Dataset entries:
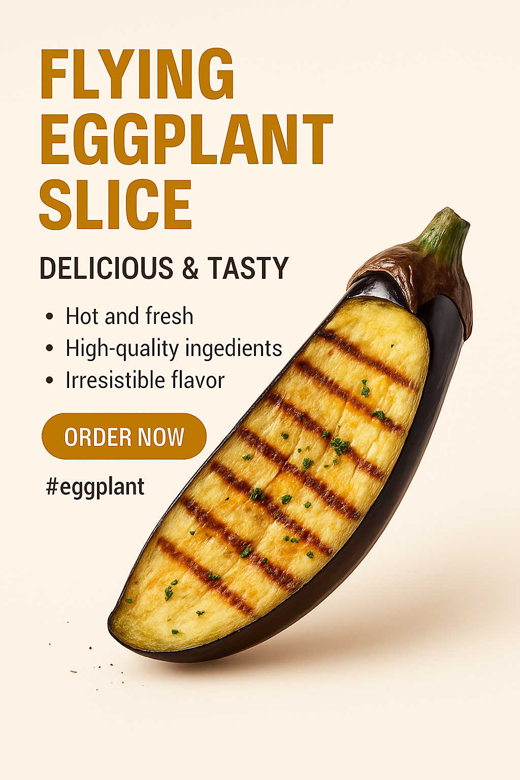 A visually appealing promotional graphic showcasing a grilled eggplant slice, emphasizing its deliciousness and quality. Ideal for food marketing or culinary promotions.
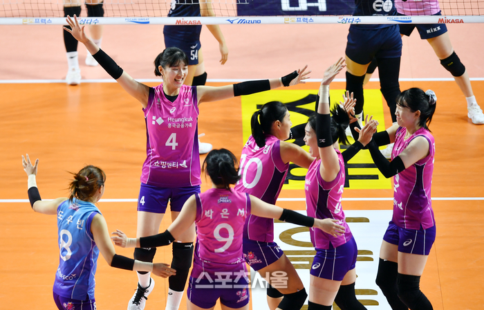 흥국 김미연이 17일 인천 삼산월드체육관에서 열린 2023-2024 도드람V리그 여자부 흥국생명(1위 7승1패)와 GS칼텍스(2위 6승2패) 경기에서 1세트 마지막득점을 블로킹으로 따낸 후 환호하고 있다. 2023.11.17. 인천 | 강영조기자 kanjo@sportsseoul.com
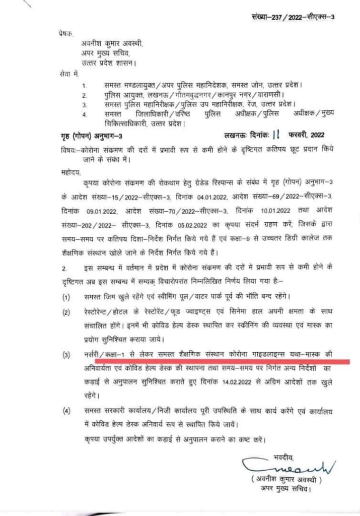 कोरोना वायरस का संक्रमण कम होने के बाद अब उत्तर प्रदेश सरकार ने सभी स्कूलों को फिर से खोलने का फैसला लिया गया है। 14 फरवरी से राज्य में नर्सरी से लेकर कक्षा आठ तक के सभी सरकारी और निजी स्कूल खोले जाएंगे। आनलाइन कक्षाएं नहीं चलेंगी। मुख्य सचिव गृह अवनीश कुमार अवस्थी ने आदेश जारी कर दिए हैं। आपको बताते चले कि पिछले सप्ताह कक्षा नौ से लेकर इंटरमीडिएट तक के माध्यमिक स्कूल, विश्वविद्यालय और डिग्री कालेजों को खोलने का फैसला लिया गया था।
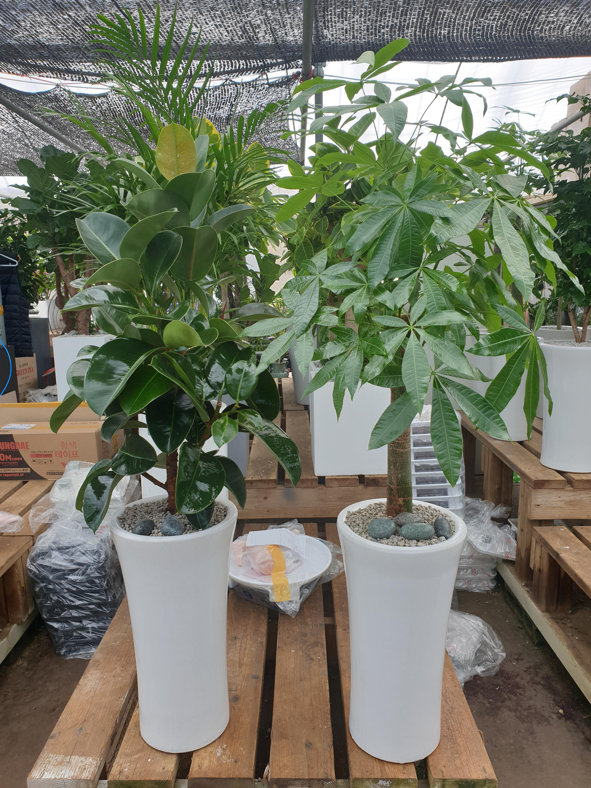 깔끔한 도자기 화분에 식재한 고무나무와 파키라💚
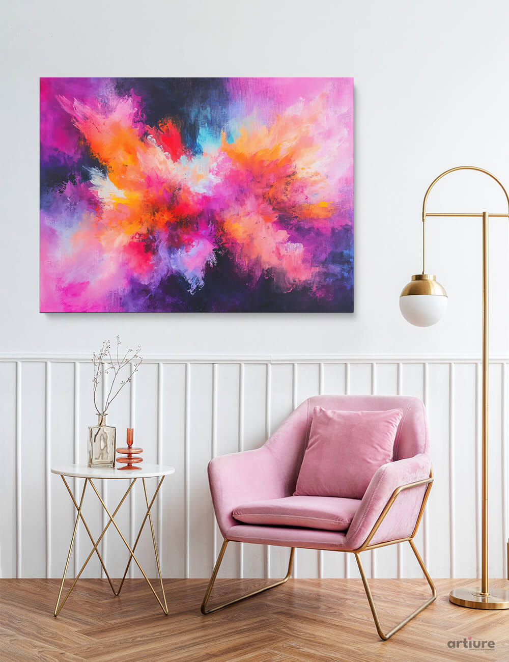 Radiant Colorburst depicts a swirling cloud of intense color, merging shades of magenta, tangerine, lavender, and sapphire in an abstract dance of pigment. Painted in a fluid, contemporary style, it exudes an energetic yet ethereal presence—ideal for modern living rooms, offices, or creative studios seeking a bold, expressive focal point.
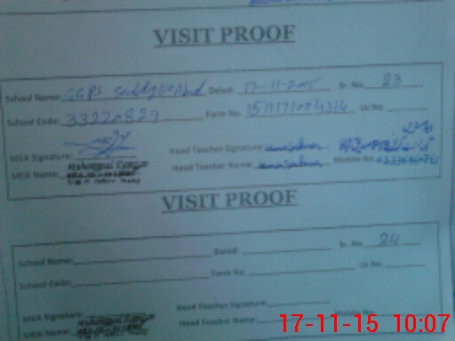| Attendance Register | Head Teacher | MEA with School | Visit Proof |
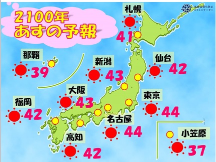 さて、先日テレビで2100年度の日本の天気予報図が流れていました。
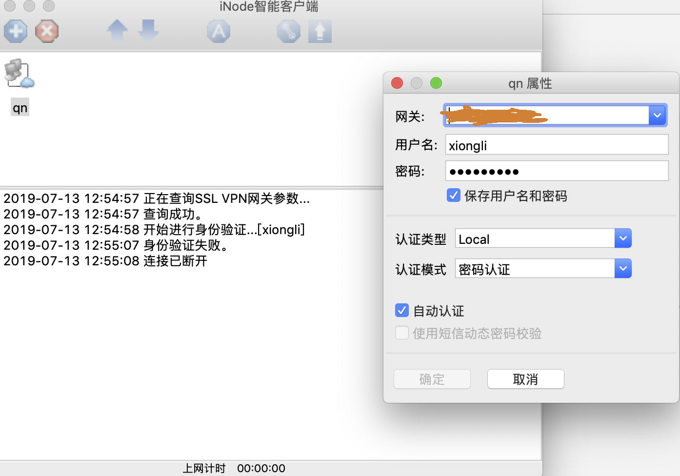 我安装了inode 7.3 E0536 for mac版本智能客户端,mac os版本是10.14.5,使用SSL VPN方式登录设备,始终显示认证失败,同样版本的windows客户端,参数账号密码都一样,就可以顺利登录,请问这是版本兼容问题么?
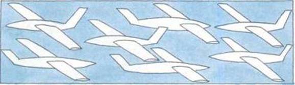 Раскрась самолеты: те, которые повернуты вправо, - синим цветом, а те, которые повернуты влево, — красным.
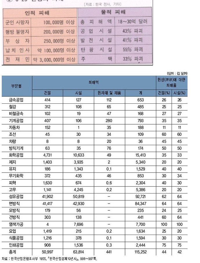 맨 위에 있는 6.25 전쟁 피해 표를 보면 공업 시설 43% 파괴. 발전 시설 41% 파괴. 탄광 시설 55% 파괴 주택 33% 파괴다.
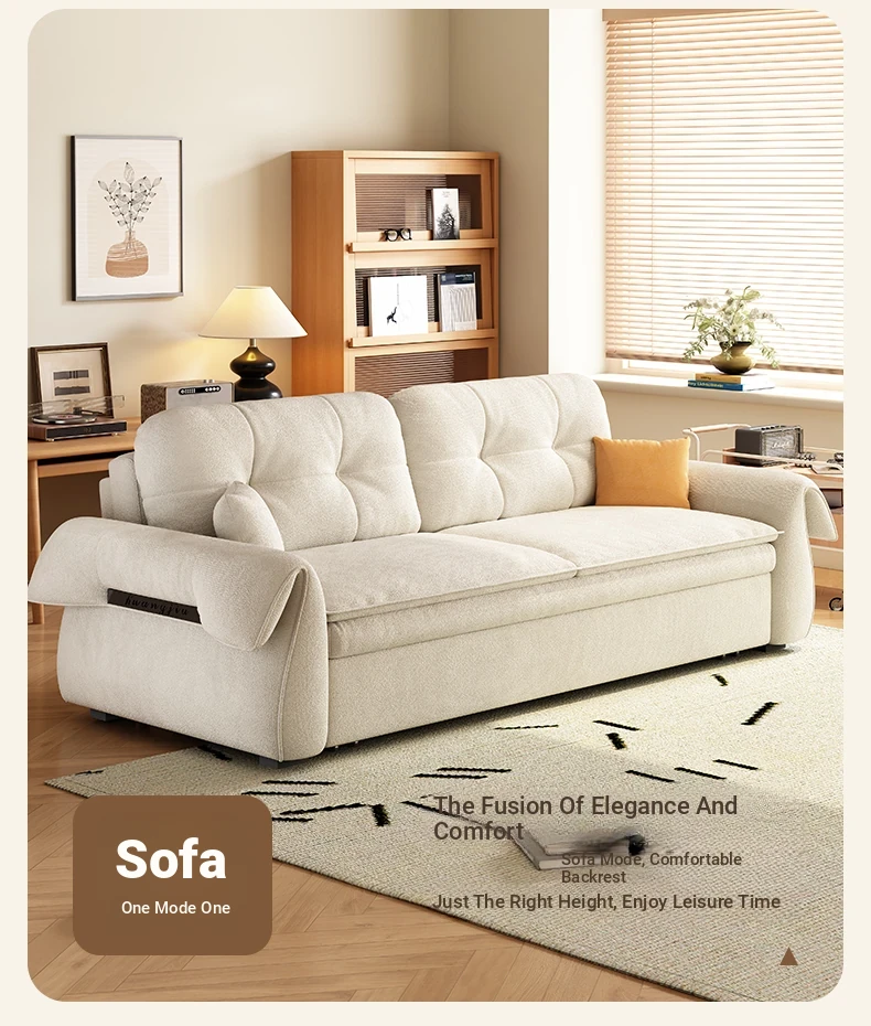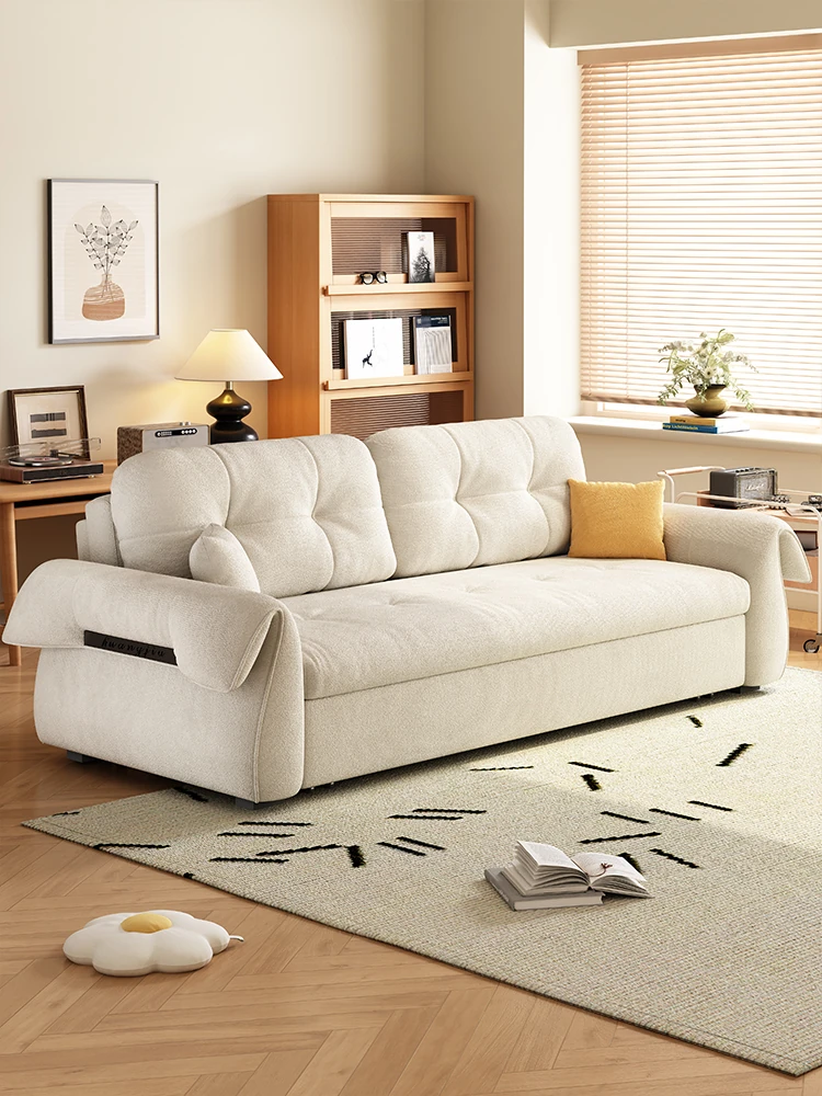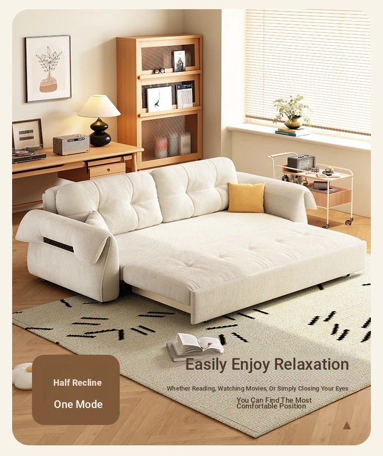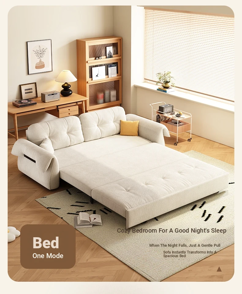 Modern Minimalist Foldable Sofa Bed - Retractable Fabric Couch for Small Apartments, Perfect for Living Rooms and Studies, Versatile Design for Sitting and Sleeping, Trendy and Stylish!
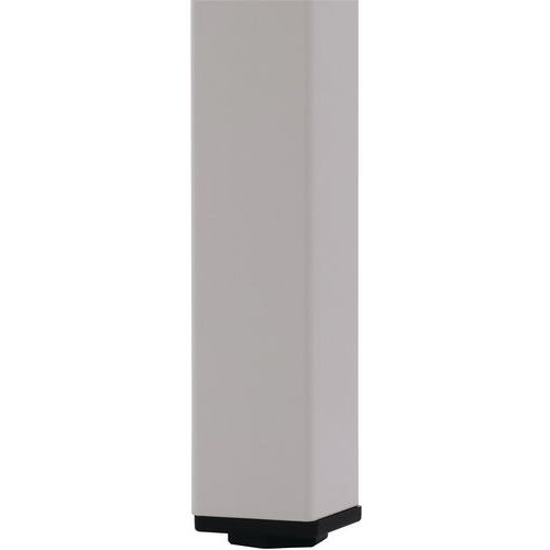 Gerader Schreibtisch mit melaminbeschichteter Platte, Stärke 25 mm, und 2 mm starken ABS-Kanten. 2 Verstärkungstraversen aus Metallrohr, 40 x 20 mm. Konstruktion aus geraden Metallfüßen 40 x 40 mm mit Kunststofffüßen zum Nivellieren. Die Platte ist für ein einfaches Kabelmanagement mit einer Kabeldurchführung mit Klappe versehen.
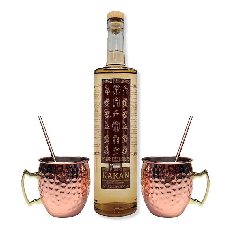 Pisco Kakán 750 ml + 2 Vasos Encobrizados 500 cc
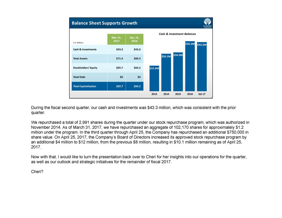 During the fiscal second quarter, our cash and investments was $43.3 million, which was consistent with the prior quarter. We repurchased a total of 2,991 shares during the quarter under our stock repurchase program, which was authorized in November 2014. As of March 31, 2017, we have repurchased an aggregate of 102,170 shares for approximately $1.2 million under the program. In the third quarter through April 25, the Company has repurchased an additional $750,000 in share value. On April 25, 2017, the Company’s Board of Directors increased its approved stock repurchase program by an additional $4 million to $12 million, from the previous $8 million, resulting in $10.1 million remaining as of April 25, 2017. Now with that, I would like to turn the presentation back over to Cheri for her insights into our operations for the quarter, as well as our outlook and strategic initiatives for the remainder of fiscal 2017. Cheri?

■ **EXERCISE BRIEF**: For this answer, return word for word the lines from the first line of the records through the line containing "흥국 김미연이 17일". Omit the pictures.

■ **EXERCISE OUTPUT**:
 A visually appealing promotional graphic showcasing a grilled eggplant slice, emphasizing its deliciousness and quality. Ideal for food marketing or culinary promotions.
 흥국 김미연이 17일 인천 삼산월드체육관에서 열린 2023-2024 도드람V리그 여자부 흥국생명(1위 7승1패)와 GS칼텍스(2위 6승2패) 경기에서 1세트 마지막득점을 블로킹으로 따낸 후 환호하고 있다. 2023.11.17. 인천 | 강영조기자 kanjo@sportsseoul.com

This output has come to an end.